Abstract

As a major mass-flowering crop producing an abundance of nectar and pollen, oilseed rape is very attractive to honey bees, bumblebees and solitary bees. It provides a food resource of considerable value in sustaining bee populations in agroecosystems at a time when bees are in decline. Although the flowers are self-fertile, they are entomophilous, and pollination studies, both in the glasshouse and in the field, suggest that bee foraging activities on the crop have many beneficial effects for the grower, including improving both the quantity and quality of the seed produced. However, bees foraging on the crop are vulnerable to the effects of insecticides, mostly pyrethroids applied to the crop, particularly when these are applied during flowering to control inflorescence pests.

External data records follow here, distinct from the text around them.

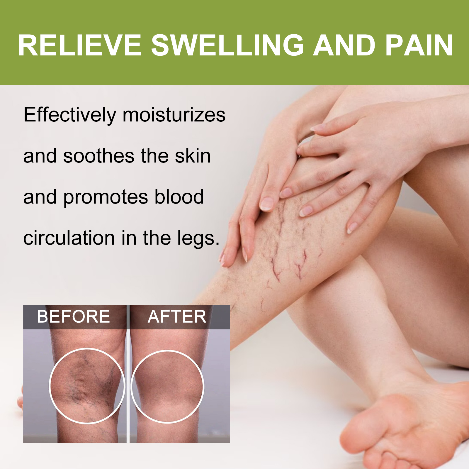 Our leg cream contains glycerin and mineral oil. It can reduce the appearance of varicose veins, make the legs smoother, improve blood circulation, reduce venous visibility, promote overall vascular health, relieve leg fatigue and pain from varicose veins, and increase comfort. Its use is very simple: after cleaning the affected area, apply appropriate amount of this product to the affected area, and gently massage to help absorption. It can relieve swelling pain, improve varicose veins and numbness of limbs, and restore healthy and beautiful legs.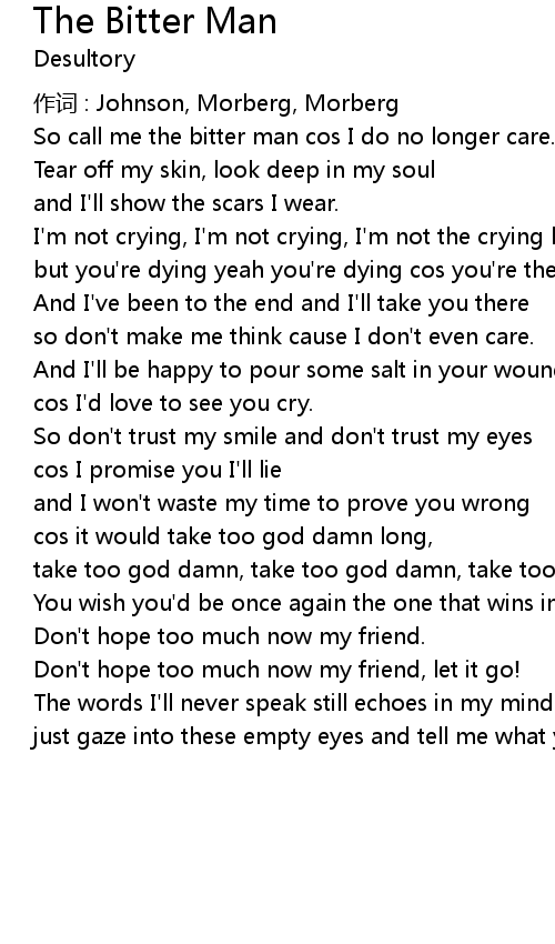 | So call me the bitter man cos I do no longer care. | |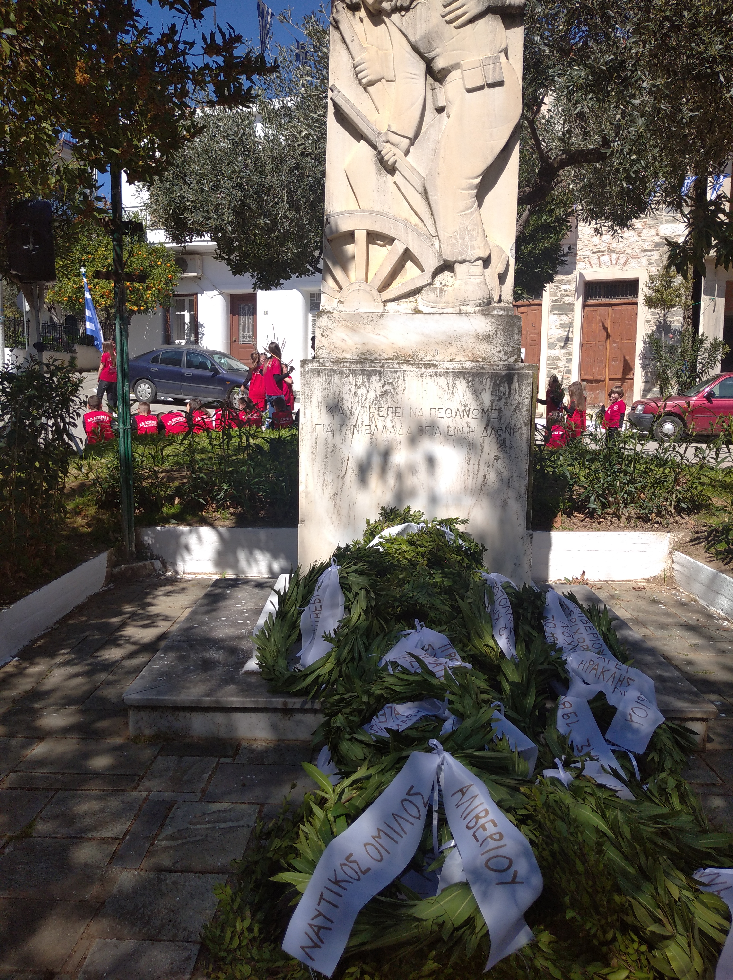 Μετά την τέλεση της επίσημης δοξολογίας στον Ιερό Ναό Αγίου Γεωργίου και την εκφώνηση του Πανηγυρικού της ημέρας, πραγματοποιήθηκε επιμνημόσυνη δέηση στο Μνημείο Πεσόντων Ηρώων, κατάθεση στεφάνων και τήρηση ενός λεπτού σιγής στη μνήμη εκείνων που έπεσαν για την ελευθερία του Έθνους.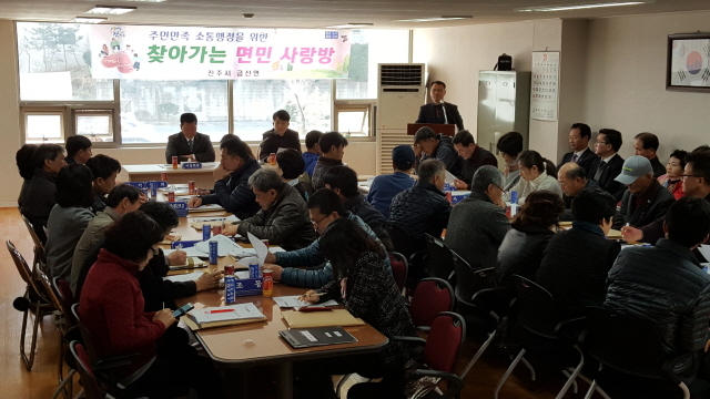 '찾아 가는 면민 사랑방'은 아파트 주민들의 생활불편 사항을 현장에서 생생히 듣고 해결하는 한편 자연마을과 아파트 주민 간 상호 소통기회 확대를 통해 모범적인 공동체 형성을 도모하기 위해 추진하는 이색 시책이다.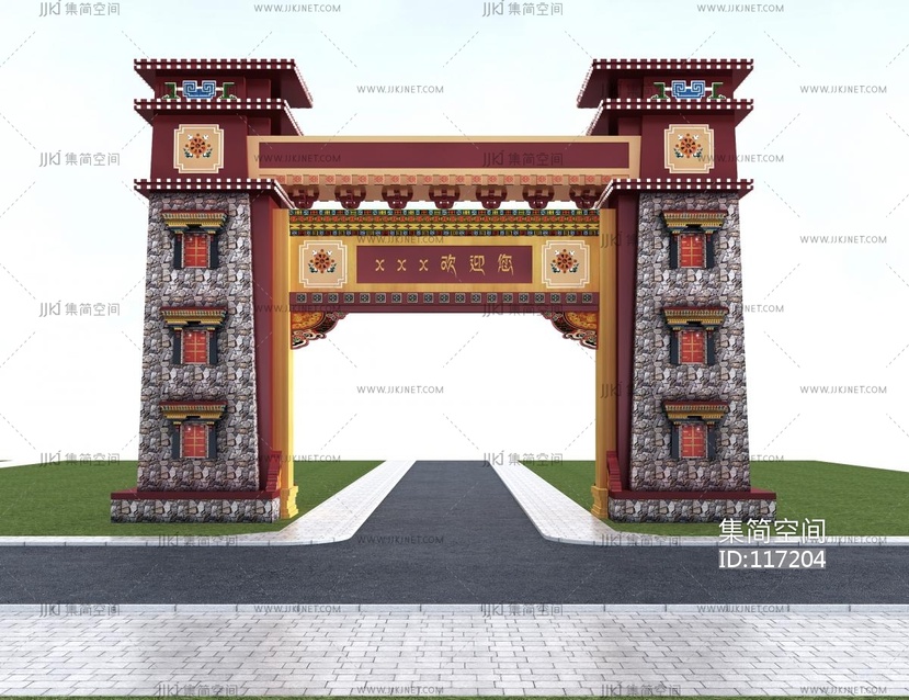 民族风藏式牌楼牌坊 3d模型下载 [模型ID:117204]

Effects may be lethal or sub-lethal; the latter have been little studied but there is growing evidence that insecticides affect many aspects of bee behaviour and physiology, such as division of labour, foraging and orientation, reproduction and respiration. Husbandry practices on the crop must therefore seek to minimise the use of insecticides on the crop, particularly during flowering, in order to sustain and not diminish bee populations foraging on the crop. Bees may even have a role in integrated pest management strategies incorporating biocontrol through their capacity to vector entomopathogenic fungal spores to the flowering canopy of oilseed rape to kill inflorescence pests.